- Nama Zulfadhli, Ketua DPRA, mendadak jadi pusat perhatian nasional
- Secara terbuka menyatakan setuju Aceh pisah dari Indonesia.
- Motif Zulfadhli masih diperdebatkan: tulus memperjuangkan aspirasi rakyat atau sekadar taktik politik.
Suara.com - Satu nama kini menjadi pusat gempa politik nasional yakni Zulfadhli.
Ketua Dewan Perwakilan Rakyat Aceh (DPRA) ini dalam sekejap berubah dari seorang politisi regional menjadi figur paling kontroversial di Indonesia.
Penyebabnya? Sebuah pernyataan seismik yang diucapkannya di hadapan ribuan demonstran yakni ia setuju Aceh pisah dari Indonesia.
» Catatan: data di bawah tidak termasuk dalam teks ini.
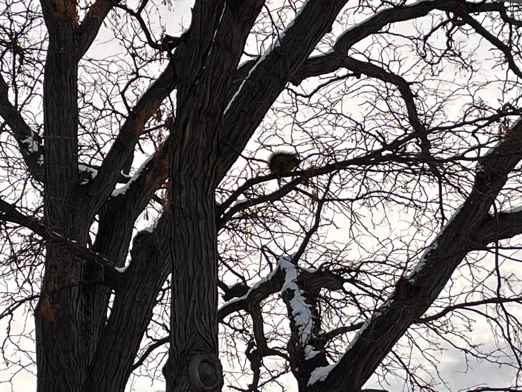 A warm morning. Didn’t need my mittens. Really quiet, too. Apart from a car with an apparent tire problem rolling by on a nearby street, the noisiest thing was the squirrels ripping around on a tree, their claws on the bark sounding like one of those rain sticks.
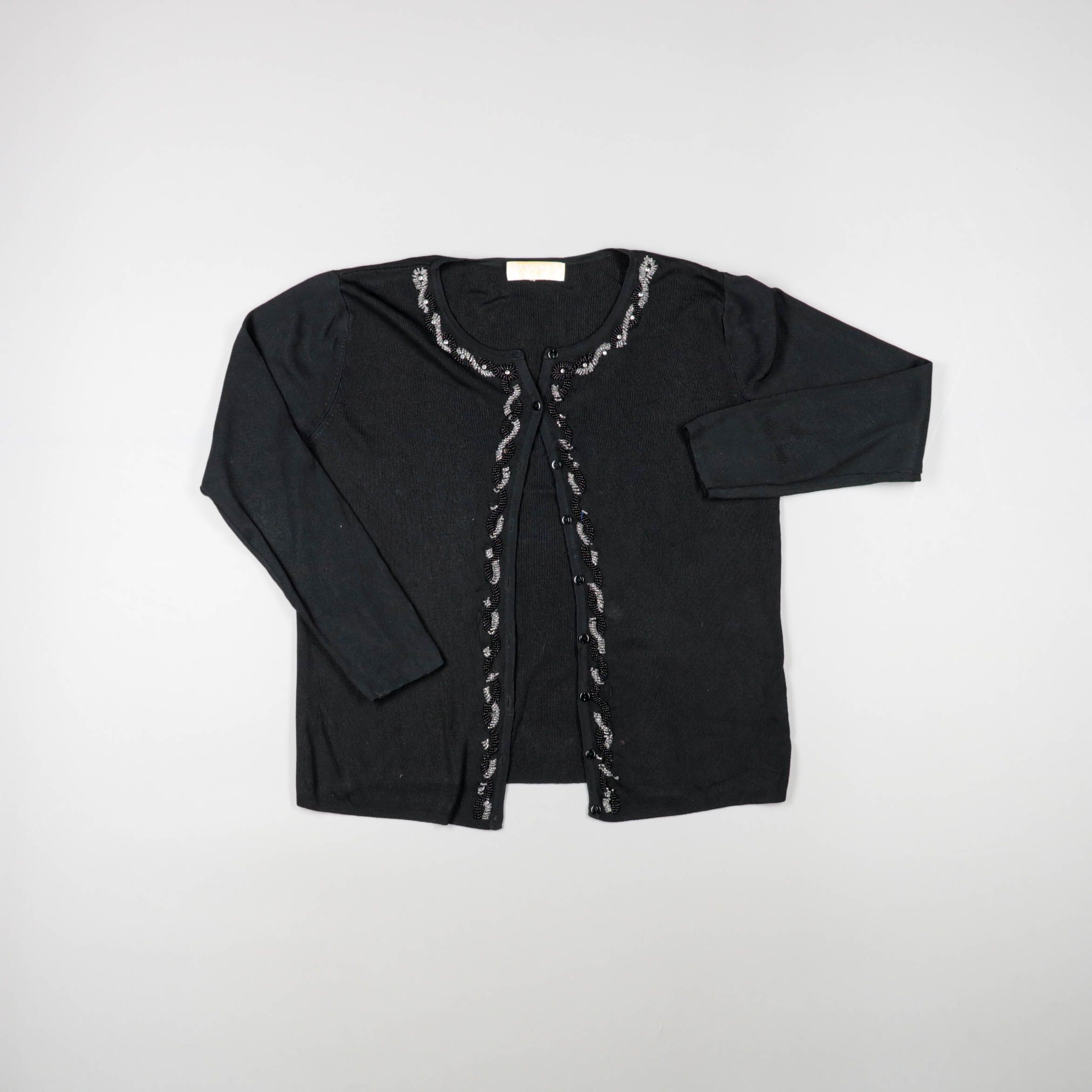 Женский чёрный кардиган с декоративной отделкой по горловине и планке застёжки. Подойдёт для офиса и повседневных образов, легко сочетать с платьем, джинсами или юбкой. Удобно носить как второй слой — есть пуговицы, можно регулировать посадку по фигуре.
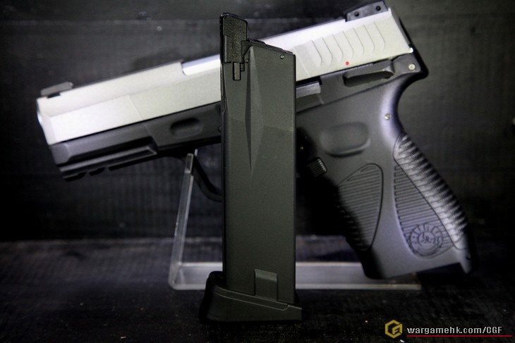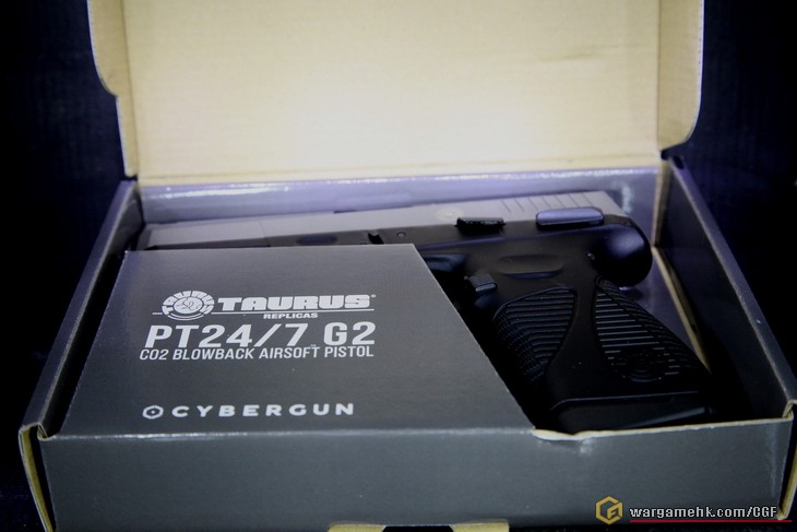 Cybergun近年在Co2槍市場上頗進取的, 先後出了很多特別款式的手槍, 這次的"Taurus PT24/7 G2"也是其中之一. 今天在"天糖"以(#)入手. 其實從包裝已經看得出是"Cybergun"的出品了........灰色盒子印上槍支外觀, 已成為他們的標誌, 盒內除了槍支本體, 另外還有可更換的握把片兩塊, 分別是"S"及"L"供選擇. 滑套上的刻印應該是鐳刻的, 握把上的金年座標誌非常仔細, Slide Stop, Magazine Release及Safety也是左右手可用, 這差不多是現代手槍的標準配置, 彈匣為正常尺寸, 不再是幼幼的彈匣, 裝彈數為19發6mm. 測試過一瓶Co2可射6個彈匣的彈數, 十分省氣, 試射手感不錯, 非常硬的回鏜彈弓, 用上Co2推動, 令Blowback強勁紮實, 射擊力度方面, 大約是1.5J. 這支"Taurus PT24/7 G2"可說是我近期比較滿意的一支Co2手槍
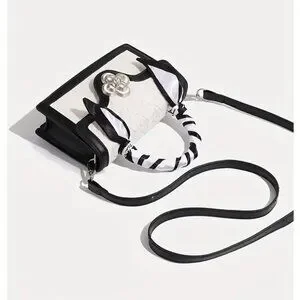Sweet and stylish in black and white, this mini has a textured floral front, a detachable crossbody strap, and a flower charm. The striped twilly is the fun partโwrap it around the handle or tie a cute bow, whatever you prefer.
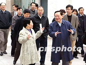 四月十日上午,中國國務委員唐家璇在國務院僑務辦公室主任陳玉杰的陪同下,到國務院僑務辦公室和中國新聞社考察指導工作。作者:滿會喬
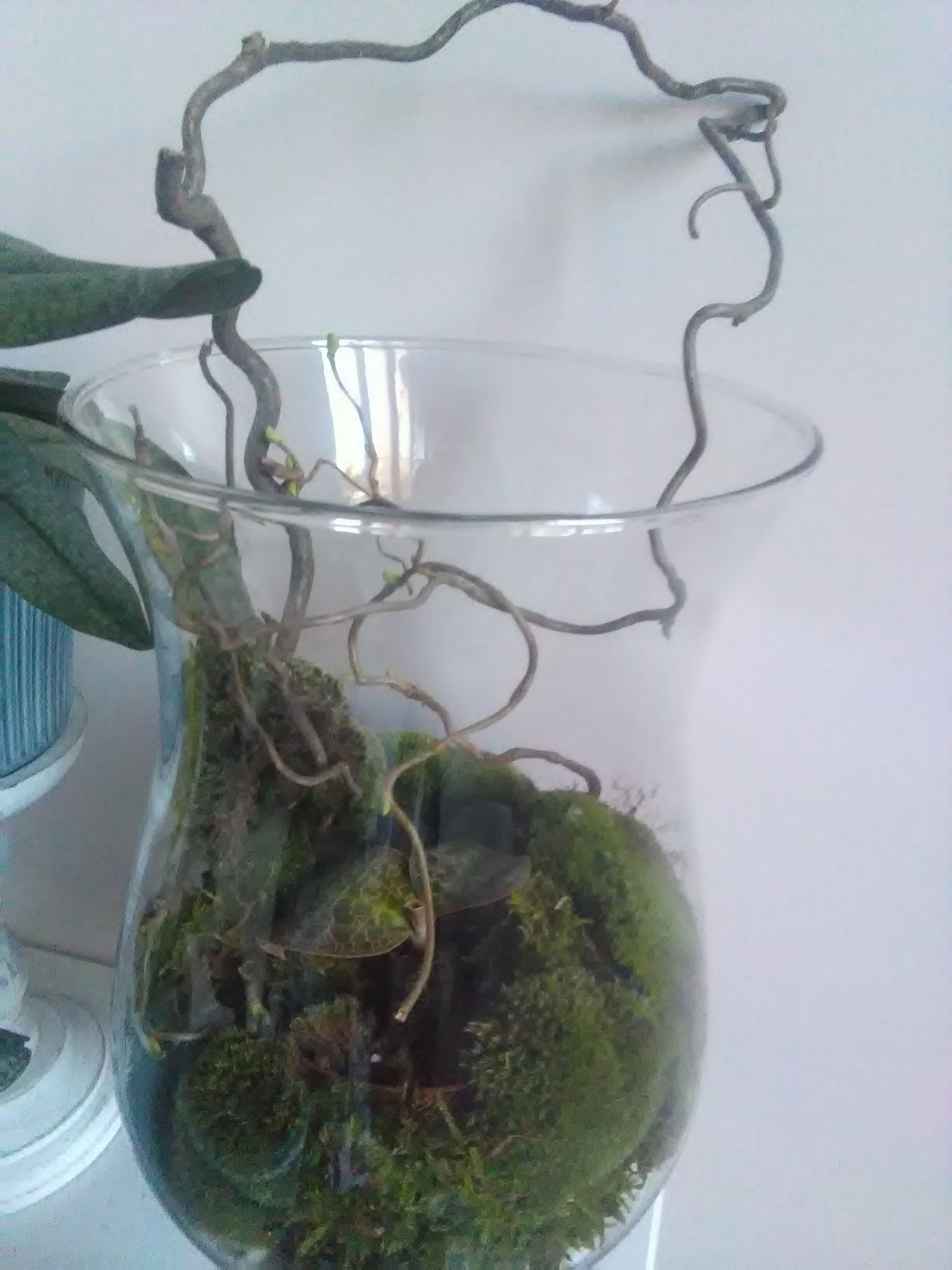 Може да ги пръскаш спокойно с вода (без да ги давиш). Мъхът иска влага за да стои зелен. Той от своя страна, ще поддържа влажността на въздуха и няма да ти се извиват листенцата по краищата. При мен, това беше причината. Всичко което порастна в терариума е с опънати листа.

Pernyataan ini bukan sekadar blunder.
Ini adalah sebuah pertaruhan tingkat tinggi yang kini menempatkan Zulfadhli di persimpangan jalan antara menjadi pahlawan bagi rakyatnya atau dicap sebagai musuh bagi negaranya.
Lantas, siapa sebenarnya Zulfadhli?
Pernyataan yang mengguncang Istana ini lahir dari situasi yang sangat genting.
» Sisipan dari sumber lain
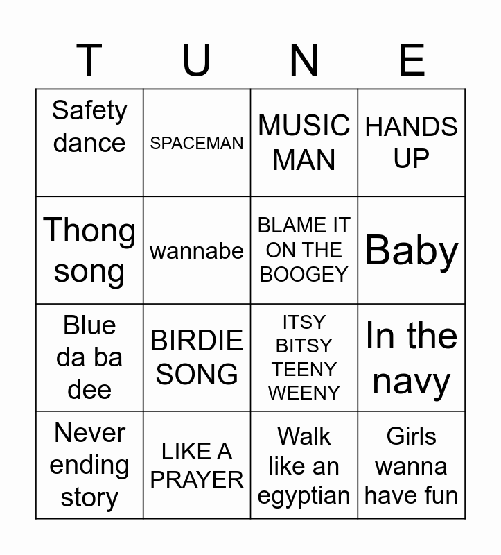 Name That Tune Bingo Card
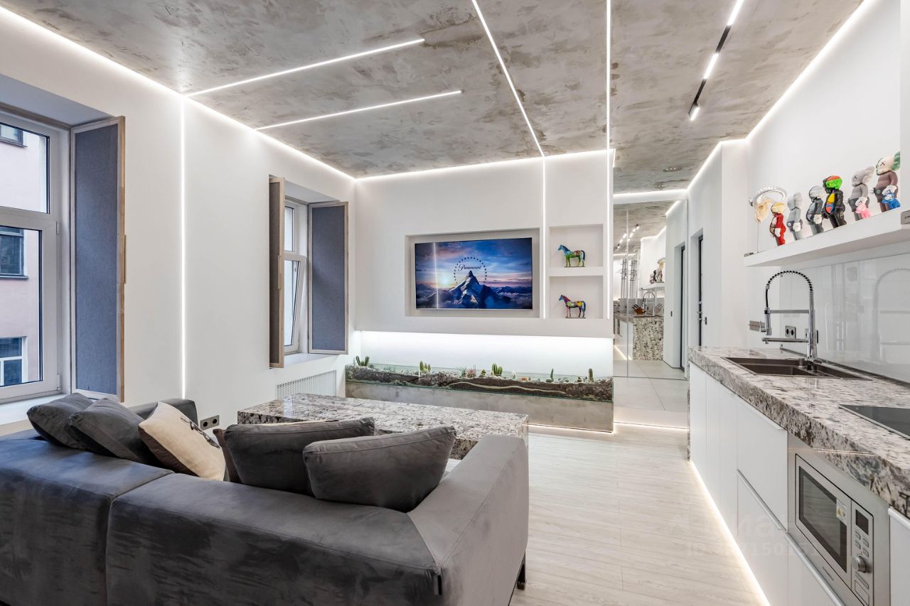 Особая изюминка этой квартиры- разноуровневое освещение , которое позволяет создать невероятную атмосферу и комфорт.

Dihadapkan pada lautan massa yang marah dan menuntut referendum, Zulfadhli mengambil langkah yang tak pernah dibayangkan siapapun.
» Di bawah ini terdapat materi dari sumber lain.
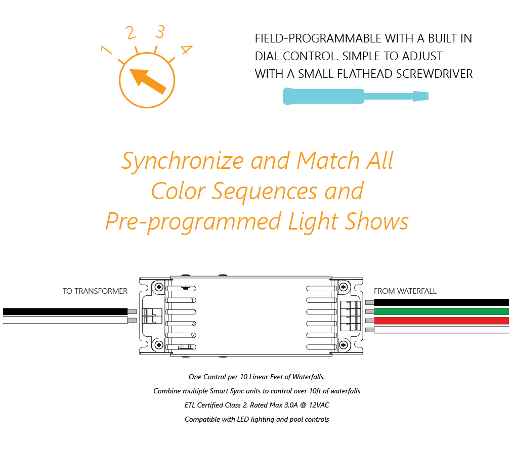 As illustrated in the Smart Sync Install Diagram below, all Smart Sync lighting and compatible controls connected to the same transformer will sync correctly. For multiple waterfalls, simply connect at a junction box before the Smart Sync control. For over ten total feet of waterfalls, use multiple Smart Sync controls in parallel, and connect to the same transformer. Other LED lighting can also be installed in parallel to the same transformer.
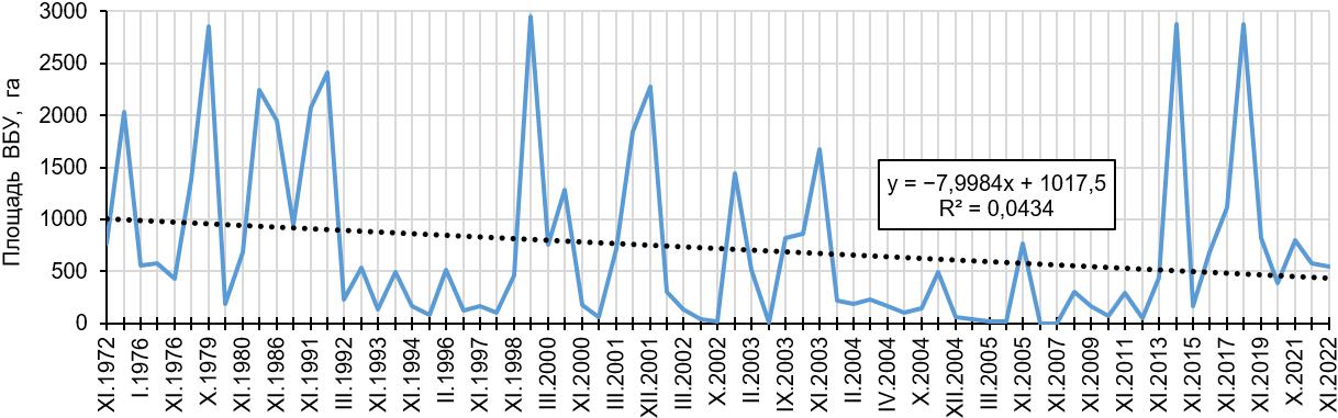 Установлено также, что в период с 1980-х по 2020 годы средняя за десятилетие площадь ВБУ уменьшилась в 12 раз (рис. 6, 7; табл. 3). Несмотря на то, что в отдельные годы (1999, 2014, 2018) анализируемого периода площадь ВБУ достигала уровня 1980-х годов, выявлена общая многолетняя тенденция к уменьшению этого показателя (рис. 6), подтверждаемая достоверно меньшей средней площадью ВБУ парка в 2010-е годы по сравнению с 1990-ми и 2000-ми (соответственно, t = 4,86, p ≤ 0,001; t = 3,65, p ≤ 0,01), в 2020-е годы по сравнению с 2000-ми (t = 8,6, p ≤ 0,01).
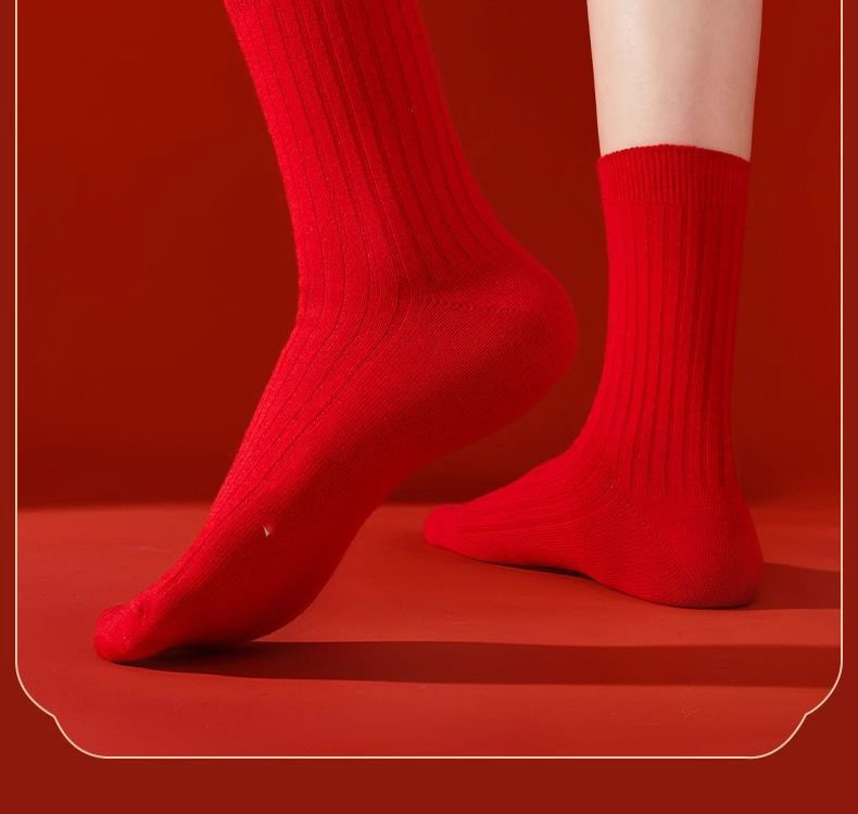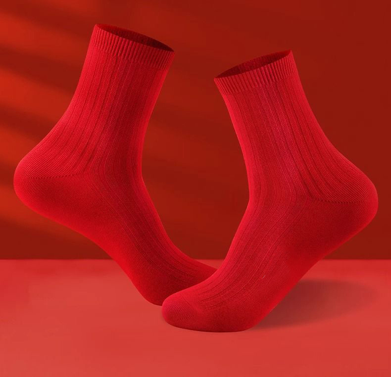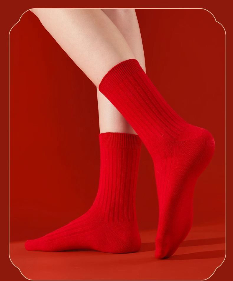 干支年赤い靴下綿靴下ミドル丈靴下ロングソックス新年結婚祝い靴下馬年靴下女性男性靴下

Alih-alih memberikan janji normatif, ia justru mengabulkan tuntutan paling ekstrem dari para demonstran.
Baca Juga: Penuhi Tuntutan Demonstran, Ketua DPRA Setuju Aceh Pisah dari Indonesia
"Baik, saya setuju dengan tuntutan saudara-saudara. Kita akan bawa aspirasi ini. Aceh pisah dari Indonesia," ujar Zulfadhli, sebuah kalimat yang langsung viral di media sosial.
Politisi Populis yang Membaca Denyut Nadi Rakyat
Zulfadhli bukanlah politisi kemarin sore.
Sebagai Ketua DPRA, ia adalah pucuk pimpinan legislatif di sebuah provinsi dengan status otonomi khusus yang lahir dari sejarah konflik panjang.
Ia dikenal sebagai politisi yang sangat memahami denyut nadi dan sentimen masyarakat Aceh.
Karakternya bisa dibaca sebagai seorang populis, pemimpin yang lebih mengutamakan aspirasi langsung dari rakyatnya di atas segalanya, bahkan jika itu harus berbenturan dengan konstitusi negara.